Work request: When you reach the line in the listing below that contains "Четыре двухэтажных коттеджа, объединённых", begin returning lines exactly as written, and stop after the line that contains "The Pioneer DJM-S11". Return no other lines.

Given information:
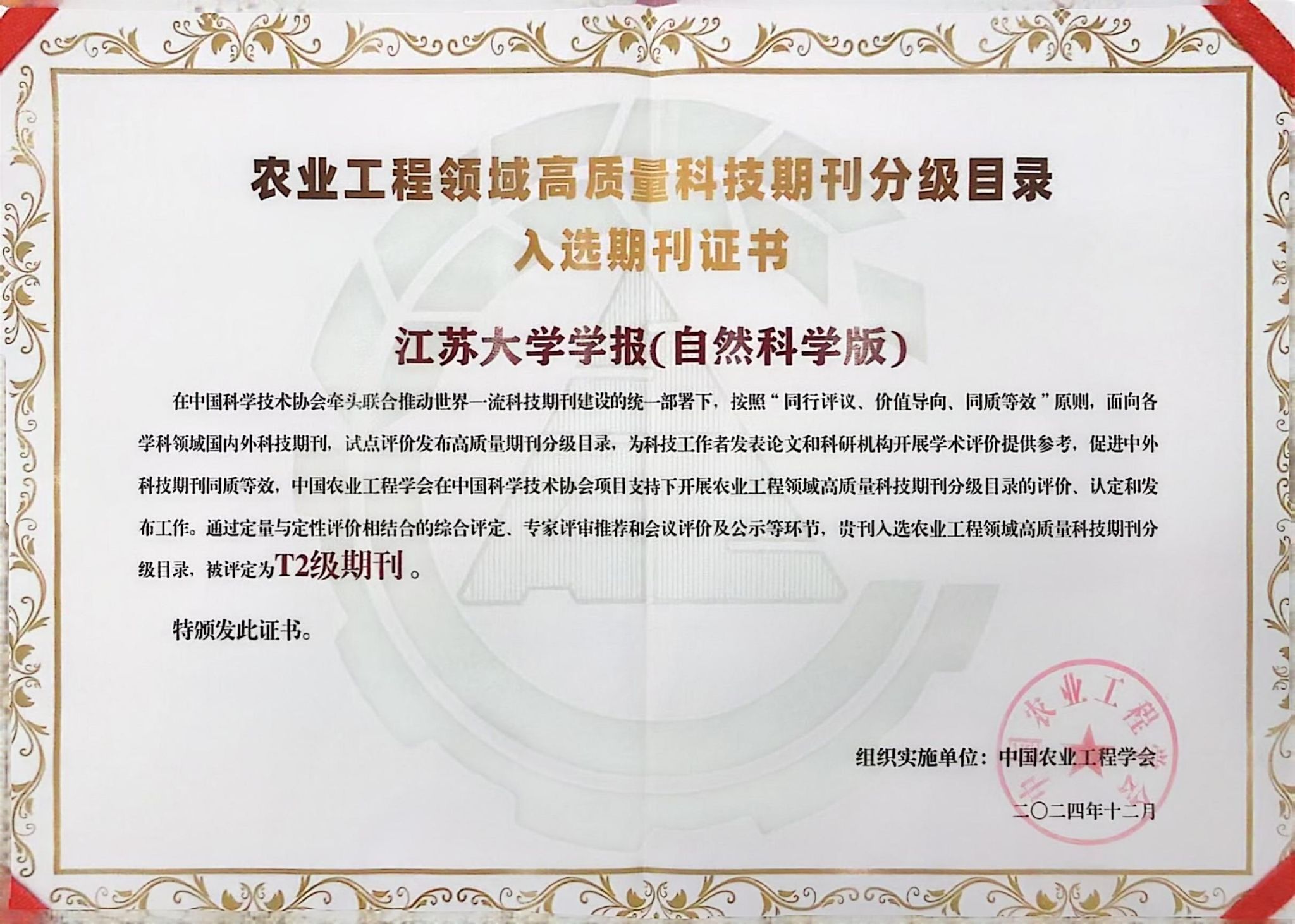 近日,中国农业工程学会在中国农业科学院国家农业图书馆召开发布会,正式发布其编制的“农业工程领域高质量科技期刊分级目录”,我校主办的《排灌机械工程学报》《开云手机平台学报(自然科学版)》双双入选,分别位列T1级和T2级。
* * *
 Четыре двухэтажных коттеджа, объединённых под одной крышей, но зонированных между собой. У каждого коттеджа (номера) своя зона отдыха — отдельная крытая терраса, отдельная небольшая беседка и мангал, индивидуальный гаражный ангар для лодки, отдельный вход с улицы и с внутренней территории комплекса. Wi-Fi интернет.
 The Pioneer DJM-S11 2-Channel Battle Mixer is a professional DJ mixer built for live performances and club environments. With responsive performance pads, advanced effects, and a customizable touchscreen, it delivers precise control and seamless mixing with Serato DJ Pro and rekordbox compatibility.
* * *
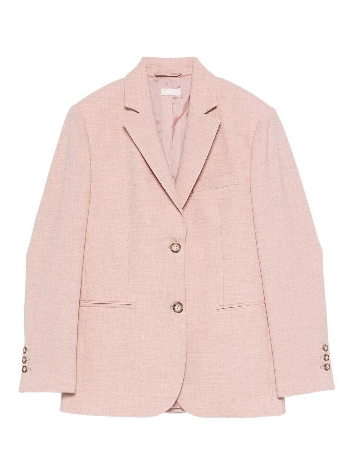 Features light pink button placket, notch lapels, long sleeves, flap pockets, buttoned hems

Answer space:
 Четыре двухэтажных коттеджа, объединённых под одной крышей, но зонированных между собой. У каждого коттеджа (номера) своя зона отдыха — отдельная крытая терраса, отдельная небольшая беседка и мангал, индивидуальный гаражный ангар для лодки, отдельный вход с улицы и с внутренней территории комплекса. Wi-Fi интернет.
 The Pioneer DJM-S11 2-Channel Battle Mixer is a professional DJ mixer built for live performances and club environments. With responsive performance pads, advanced effects, and a customizable touchscreen, it delivers precise control and seamless mixing with Serato DJ Pro and rekordbox compatibility.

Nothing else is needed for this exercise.